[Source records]
+++++

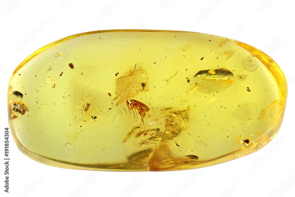 Baltic amber with marsh beetle isolated on white background
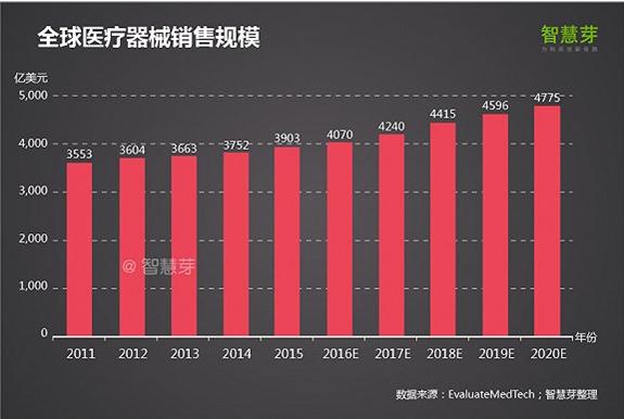 根據(jù)EvaluateMedTech的統(tǒng)計,2011-2015全球醫(yī)療器械銷售規(guī)模呈現(xiàn)穩(wěn)步上升趨勢。2015年,銷售額達到3900億美元以上。預(yù)計該市場規(guī)模在2020年增長至4775億美元,2015-2020期間將呈現(xiàn)4.1%的年均復(fù)合增長率。
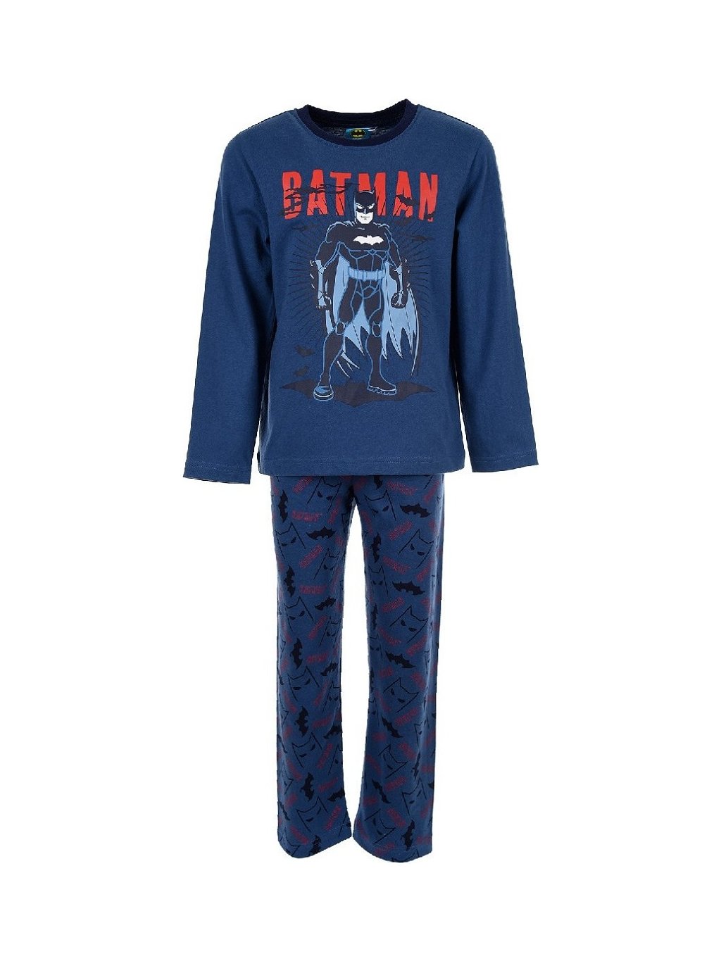 - chlapčenské pyžamo s veľkým motívom Batmana na hrudi a drobnými potlačami na nohaviciach
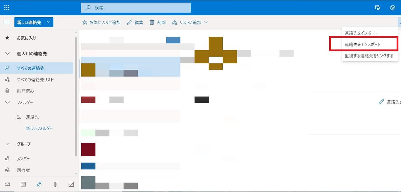 Outlook連絡先からcsvファイルを一括エクスポートする方法
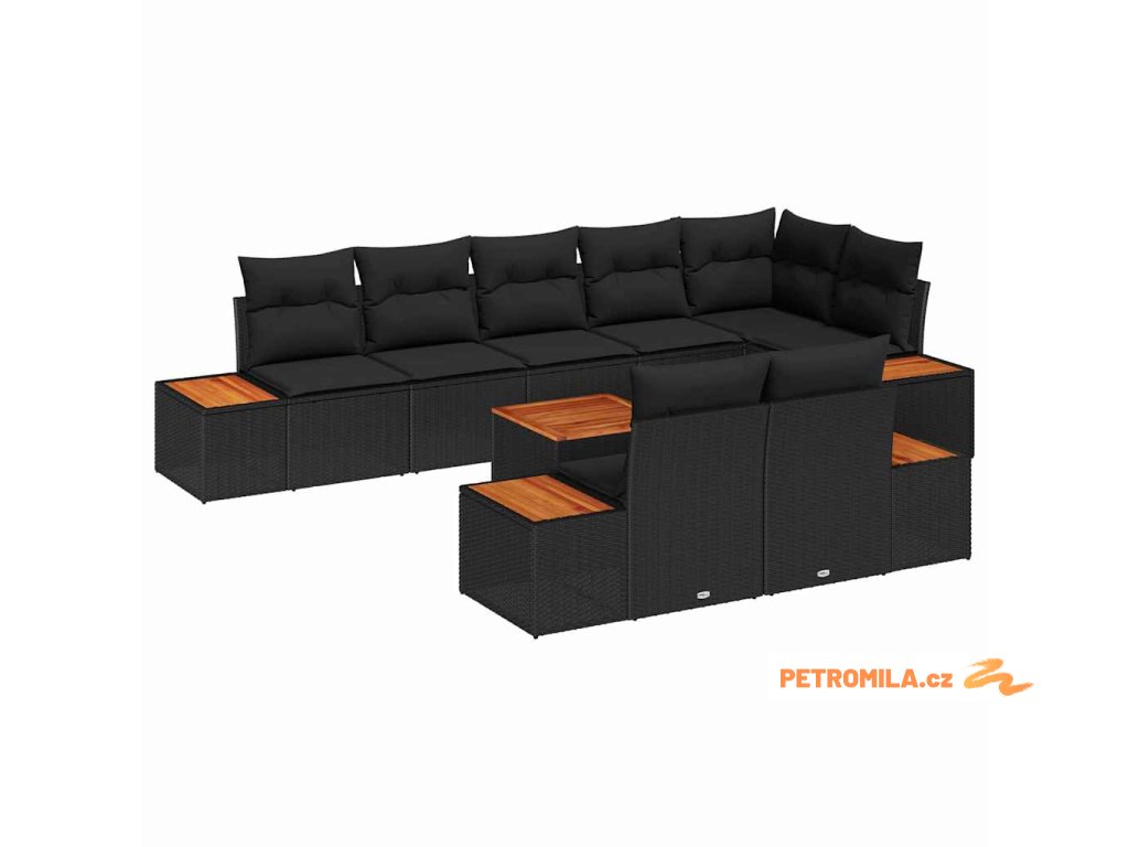 Sada zahradních pohovek s polštářem 9 pcs Černá polyratan
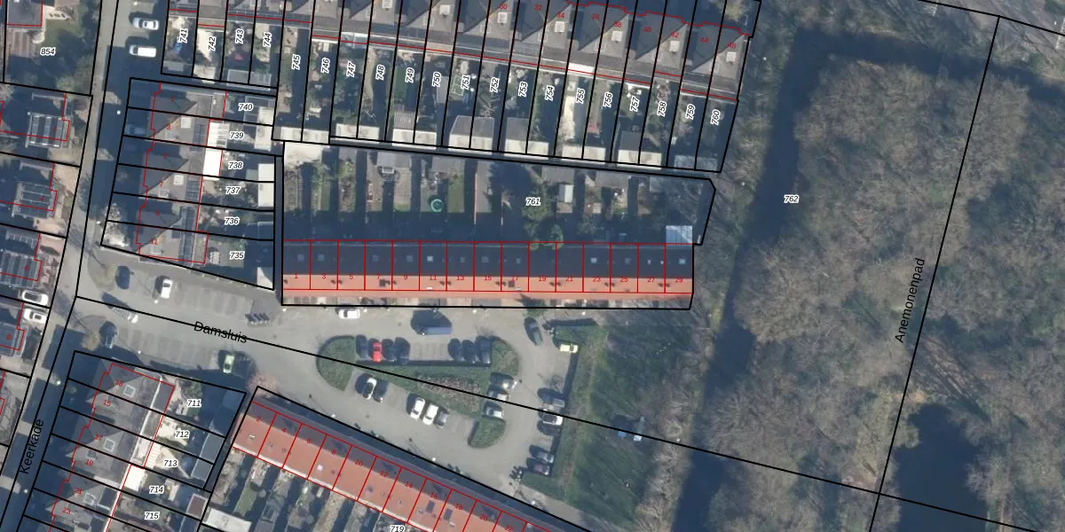 Het perceel waarop Damsluis 19 staat heeft een oppervlakte van 2185 m². Dit is een zeer groot perceel. De perceeloppervlakte wordt geregistreerd door het Kadaster. Gedetailleerde informatie over de maten van dit perceel kunt u vinden in het rapport Kadastrale kaart met maatvoering van Damsluis 19.
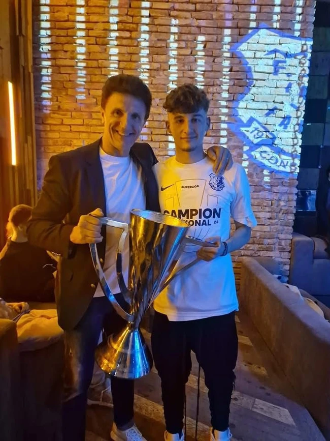 10. Emil și Andrei Dăncuș: Emil Dăncuș (51 de ani) a jucat pentru formații precum Gloria Bistrița, CS Astra Ploiești sau Gaz Metan Mediaș. Fiul său, Andrei (16 ani) a debutat, de curând, la FCSB, într-un meci amical desfășurat în cantonamentul de vară.
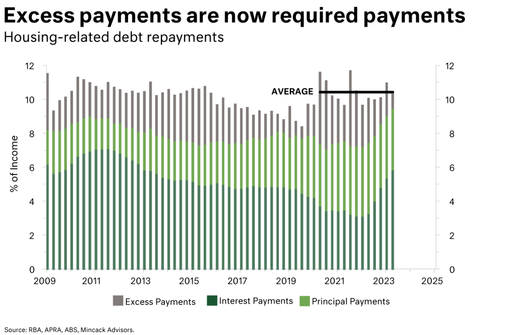 These savings were used by many mortgage holders to make additional or excess payments on their debt, totalling an equivalent to 9.5% of income (see grey bars on chart). This was a sound financial strategy.
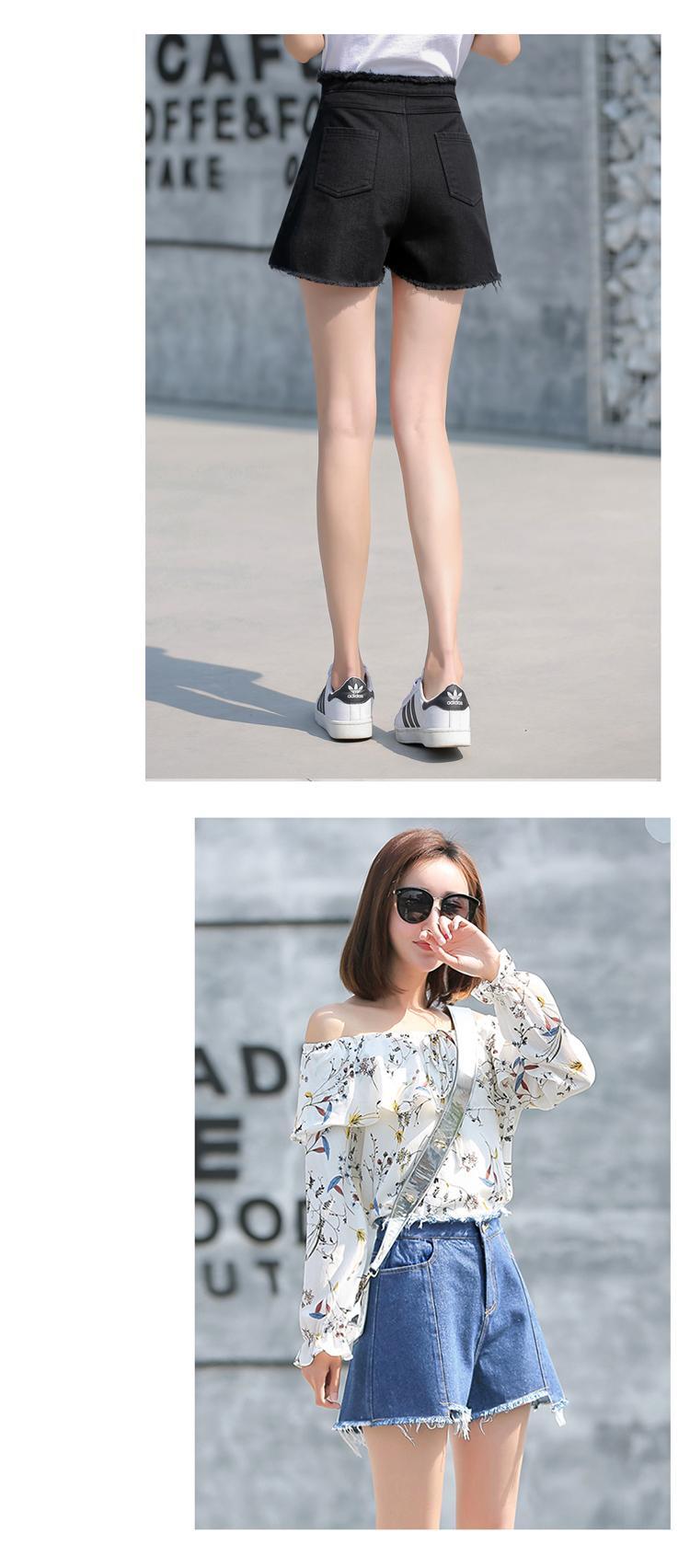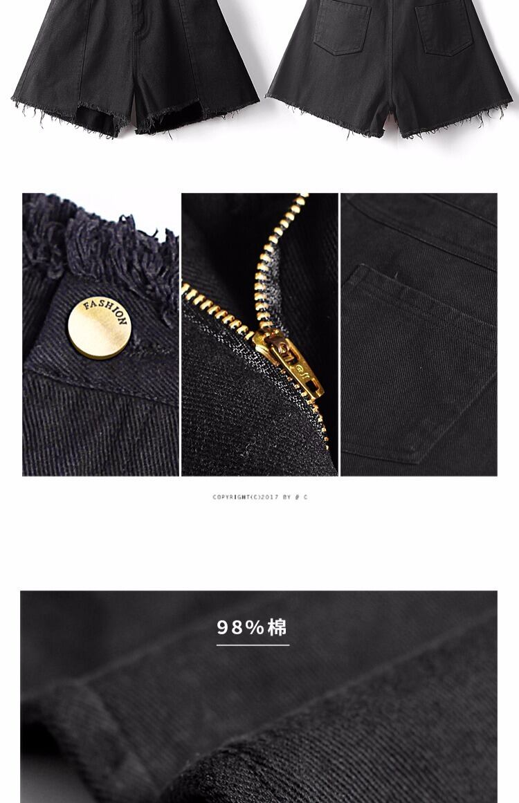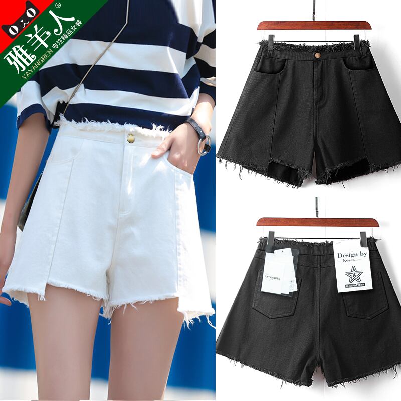 生デニムショーツ女性の夏の薄片ルーズで薄い黒の超ハイウエストA字型の4点白ワイドレッグインタイド ハイウェスト ホワイト ブラック サマー 夏物 ブルマー TM2-5 TM2-543813318186
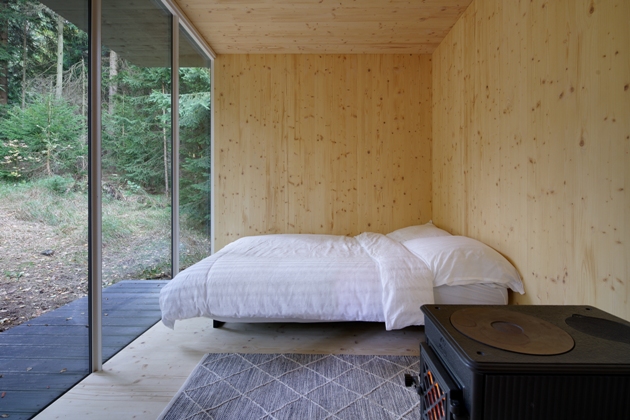 V hlavní prosklené části, která nabízí výhled do okolní krajiny, se nachází obytný prostor s postelí, kuchyní z deskového materiálu DTD s povrchovou jasanovou dýhou a kamny. Součástí rámu zasklení je skrytá garnýž, která umožňuje kdykoliv v interiéru chatky vytvořit soukromí. Plná stěna pak skrývá toaletní kapsli se záchodem i sprchou a dále technickou místnost přístupnou samostatným vstupem zvenčí.

+++++

▸ TASK ITEM
Without the pictures, reproduce every entry exactly as written.

▸ ANSWER TO THIS EXERCISE
 Baltic amber with marsh beetle isolated on white background
 根據(jù)EvaluateMedTech的統(tǒng)計,2011-2015全球醫(yī)療器械銷售規(guī)模呈現(xiàn)穩(wěn)步上升趨勢。2015年,銷售額達到3900億美元以上。預(yù)計該市場規(guī)模在2020年增長至4775億美元,2015-2020期間將呈現(xiàn)4.1%的年均復(fù)合增長率。
 - chlapčenské pyžamo s veľkým motívom Batmana na hrudi a drobnými potlačami na nohaviciach
 Outlook連絡先からcsvファイルを一括エクスポートする方法
 Sada zahradních pohovek s polštářem 9 pcs Černá polyratan
 Het perceel waarop Damsluis 19 staat heeft een oppervlakte van 2185 m². Dit is een zeer groot perceel. De perceeloppervlakte wordt geregistreerd door het Kadaster. Gedetailleerde informatie over de maten van dit perceel kunt u vinden in het rapport Kadastrale kaart met maatvoering van Damsluis 19.
 10. Emil și Andrei Dăncuș: Emil Dăncuș (51 de ani) a jucat pentru formații precum Gloria Bistrița, CS Astra Ploiești sau Gaz Metan Mediaș. Fiul său, Andrei (16 ani) a debutat, de curând, la FCSB, într-un meci amical desfășurat în cantonamentul de vară.
 These savings were used by many mortgage holders to make additional or excess payments on their debt, totalling an equivalent to 9.5% of income (see grey bars on chart). This was a sound financial strategy.
 生デニムショーツ女性の夏の薄片ルーズで薄い黒の超ハイウエストA字型の4点白ワイドレッグインタイド ハイウェスト ホワイト ブラック サマー 夏物 ブルマー TM2-5 TM2-543813318186
 V hlavní prosklené části, která nabízí výhled do okolní krajiny, se nachází obytný prostor s postelí, kuchyní z deskového materiálu DTD s povrchovou jasanovou dýhou a kamny. Součástí rámu zasklení je skrytá garnýž, která umožňuje kdykoliv v interiéru chatky vytvořit soukromí. Plná stěna pak skrývá toaletní kapsli se záchodem i sprchou a dále technickou místnost přístupnou samostatným vstupem zvenčí.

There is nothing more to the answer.